Ryan’s mouth tightens, and he blows out a slow breath, looking down at his hands. For once, he doesn’t have a joke. He just looks at me and lets the truth sit there, heavy as hell. “And you’ve just been sitting on that all these years?”
I shrug helplessly. “What the fuck was I supposed to do? I was seventeen and thought maybe if I left, he’d be okay. That he’d grow up and forget me. I figured he’d hate me, but at least he’d have a future.”
His jaw works, muscles jumping in his cheek as he stares at me. The lamp behind him throws a half-shadow over his face, softening the lines I know are carved deeper tonight. He just shakes his head, the disbelief thick in his voice. “You’re not still scared of his dad, are you?”
I blink at him. “You know the kind of reach men like him have.
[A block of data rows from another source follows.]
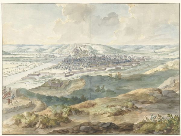 Curator: Looking at this watercolour by David Roberts, executed in 1847, titled “Jerusalem from the Mount of Olives," I am struck by the depiction of the holy city not as a static, monumental space, but as an environment embedded in layers of socio-political meaning. Editor: I'm immediately drawn to the subdued palette. It’s predominantly beige and grey, lending a certain melancholy and sense of vastness to the cityscape that sits in the distance. The rendering feels dreamlike and somewhat detached. Curator: Precisely, the 'detached' perspective contributes to a specific visual trope popular at the time. Roberts' view presents the Orient as both accessible and fundamentally distant, fueling a complex narrative about colonialism and representation. Editor: Yes, I see that the artist has arranged the scene with several figures in the foreground. This creates depth, yes, but more importantly, these characters anchor our view, inviting the viewer into the expansive landscape, almost staging it. Note the contrast between the dark crevices in the cliffs with the city washed with light further away. Curator: Exactly, he presents the East as knowable. It served the demands of European audiences eager for glimpses of biblical lands, but also solidified the West’s dominant gaze and the visual power it exerted. Editor: Visually, the watercolor technique enhances the sense of atmosphere. The subtle washes allow for soft transitions, which reinforces this idea of spatial distance that is echoed in its historical context, creating an interesting juxtaposition of the visible with that which cannot be reached. Curator: True, but remember Roberts himself was working within an established network of patrons and institutions, shaping not only how Jerusalem was seen, but how it would then be understood and consumed by the Western public through similar Orientalist depictions in painting, literature, and photography. Editor: It's been helpful to break this piece down today and note the use of perspective, palette, and the very careful layering of washes. It allowed us to understand some of its original power in the viewing process, however controversial. Curator: It is key to recognize that art not only reflects reality but actively creates it; "Jerusalem from the Mount of Olives" showcases this power dynamic in its purest form.
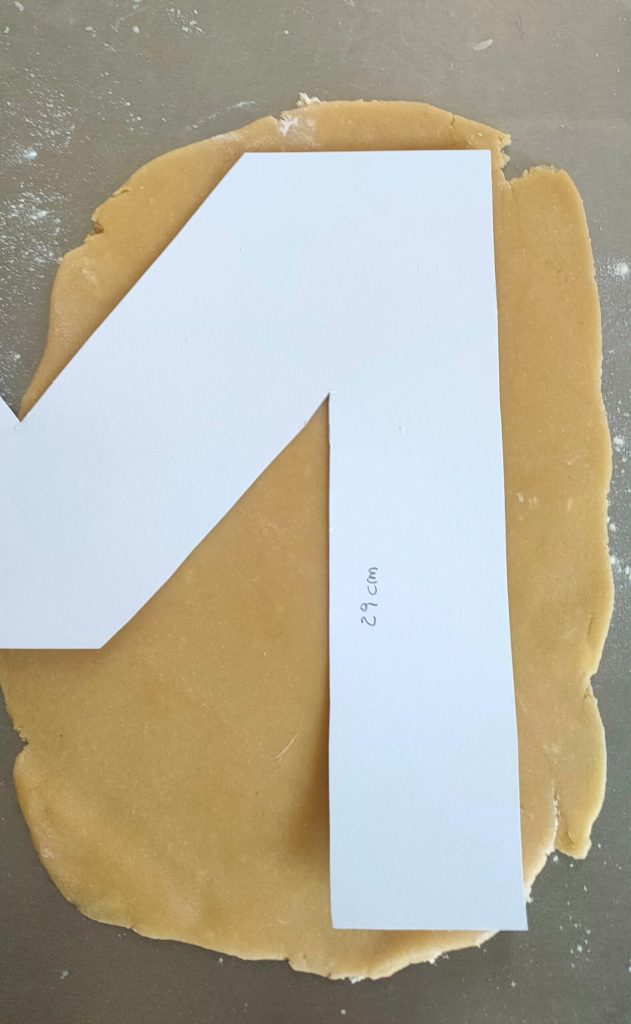 • Voeg eventueel de twee helften van de letter samen en zet de eerste bakplaat in de koelkast. Herhaal de operatie voor de tweede M en zet ondertussen de oven aan.
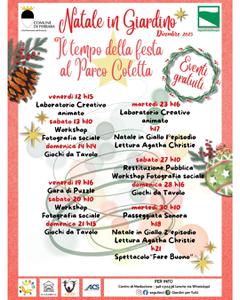 A proporre giochi da tavolo cooperativi sarà anche Pangea aps che domenica 21 dicembre propone un'occasione "per mettere in gioco collaborazione, empatia e un po' di strategia, ma soprattutto per capire che non esiste soltanto la competizione". Un'altra occasione per giocare insieme sarà la gara di puzzle, una competizione amichevole aperta a squadre miste per età e provenienza, che ha l'obiettivo di favorire la collaborazione e la comunicazione tra i partecipanti. "Sono due laboratori nati per stimolare la fantasia dei partecipanti e offrire un punto di vista personale del mondo e delle sue storie" quelli proposti da Lisa Boni di Cumbre aps. Prendono spunto dalla lettura de "Il pianeta degli alberi di Natale" di G.Rodari: il primo inaugurerà le attività della rassegna Natale in Giardino al parco Coletta il pomeriggio del 12 dicembre, mentre il secondo arriverà proprio il giorno prima della vigilia di Natale, il 23 dicembre.
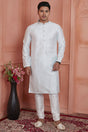 Off White Embroidered Jacquard Kurta Pyjama Set
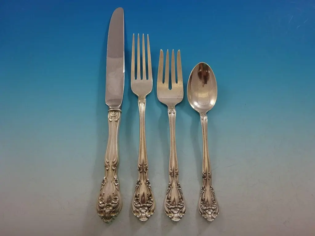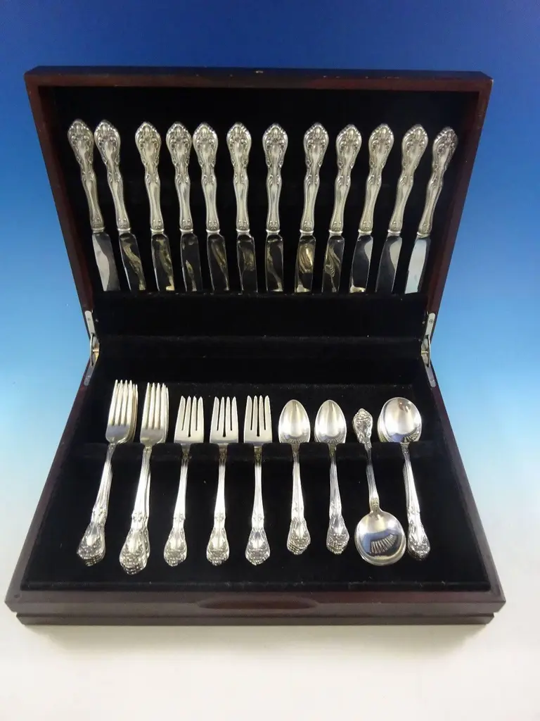 Chateau Rose by Alvin sterling silver Flatware set, 60 pieces. This set includes: 12 knives, 9", 12 forks, 7 1/8", 12 salad forks, 6 3/8", 12 teaspoons, 5 7/8", 12 cream soup spoons, 6 1/8"Includes bonus brand new storage chest - styles vary.Excellent condition, with no monograms. This set will be beautifully professionally polished prior to shipping. 100% Satisfaction guaranteed!We buy silver. Please inquire.

I saw him talk to coaches, and pull strings—he wasn’t bluffing. If I stayed, I would’ve killed both our futures before they even started.”
“Yeah, but you’re not a kid anymore, D,” Ryan explains. “You’re a grown-ass man, and you’re about to go pro. You’ve got people—fucking Killian is the most powerful person on this goddamn campus. If that asshole tried to pull any of that shit now, I promise you, he wouldn’t get away with it.”
I can’t help but smile faintly at the loyalty in his voice, even if it hits me in the chest. Ryan’s always had a way of sticking by me, even when I didn’t deserve it.
“I don’t think he’d go after me now. But I don’t know if Noah would even want to be with me. I’m not the stepbrother he remembers. I’m… Fuck, I’m angry all the time. I sleep around like none of it means anything. I’m a walking fucking mess, Ry.”